Problem to solve: Please retype the data below line for line and leave out every picture.

Provided data:

========

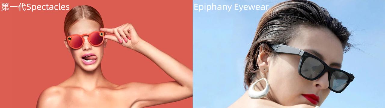 2014年的Snap(更名前为Snapchat)收购了当时开发Epiphany Eyewear智能眼镜的开发商Vergence Labs,让他们内部开发类似但更加精致的Snapchat眼镜产品。Epiphany Eyewear智能眼镜可以录制广角视频,主要是通过镜框侧边栏上的触觉按钮来控制。
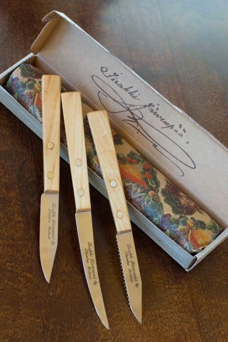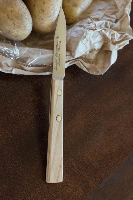 The Triplet Kitchen Knives set brings back long-time favorites after years of being out of production: the Mini Fillet knife (for root vegetables), Potato knife, and Tomato knife. This versatile selection of small knives allows you to chop, peel, and slice a wide range of vegetables and roots.
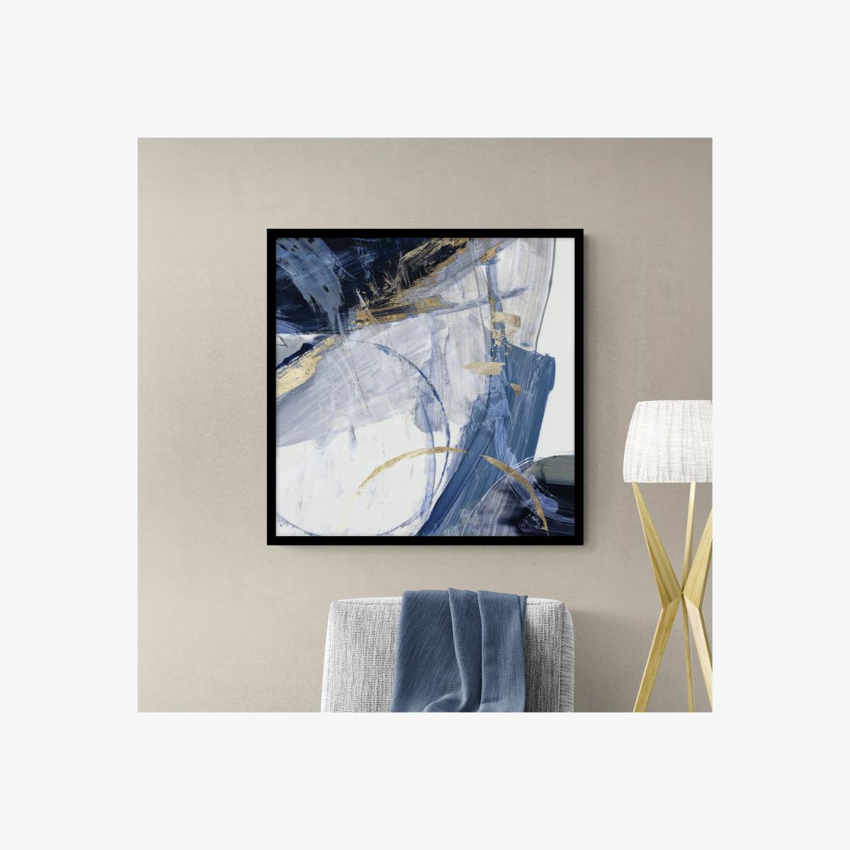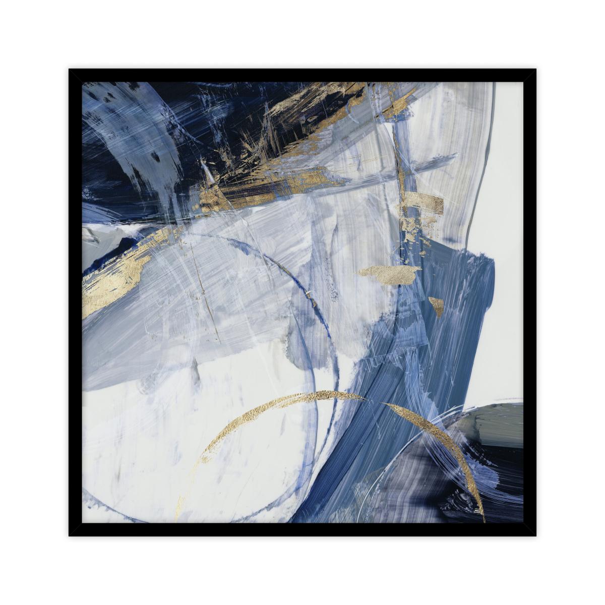 * Modern, abstract print * Framed and ready to display * Blue tones with metallic accents This striking abstract artwork by Tom Reeves features bold brushstrokes in deep blue and white tones, creating a dynamic focal point for any room. Framed in sleek black moulding with a grained effect, it offers a modern and sophisticated presentation. Subtle gold accents contrast beautifully with the colours, adding a touch of elegance. The layered textures and curved, circular forms bring a fluid movement to the piece, while the textured finish enhances its painterly quality. With no glass, it’s ready to hang and brings depth and visual interest to your walls. A perfect addition to contemporary interiors looking for a touch of artistry and flair.

========

Written reply:
 2014年的Snap(更名前为Snapchat)收购了当时开发Epiphany Eyewear智能眼镜的开发商Vergence Labs,让他们内部开发类似但更加精致的Snapchat眼镜产品。Epiphany Eyewear智能眼镜可以录制广角视频,主要是通过镜框侧边栏上的触觉按钮来控制。
 The Triplet Kitchen Knives set brings back long-time favorites after years of being out of production: the Mini Fillet knife (for root vegetables), Potato knife, and Tomato knife. This versatile selection of small knives allows you to chop, peel, and slice a wide range of vegetables and roots.
 * Modern, abstract print * Framed and ready to display * Blue tones with metallic accents This striking abstract artwork by Tom Reeves features bold brushstrokes in deep blue and white tones, creating a dynamic focal point for any room. Framed in sleek black moulding with a grained effect, it offers a modern and sophisticated presentation. Subtle gold accents contrast beautifully with the colours, adding a touch of elegance. The layered textures and curved, circular forms bring a fluid movement to the piece, while the textured finish enhances its painterly quality. With no glass, it’s ready to hang and brings depth and visual interest to your walls. A perfect addition to contemporary interiors looking for a touch of artistry and flair.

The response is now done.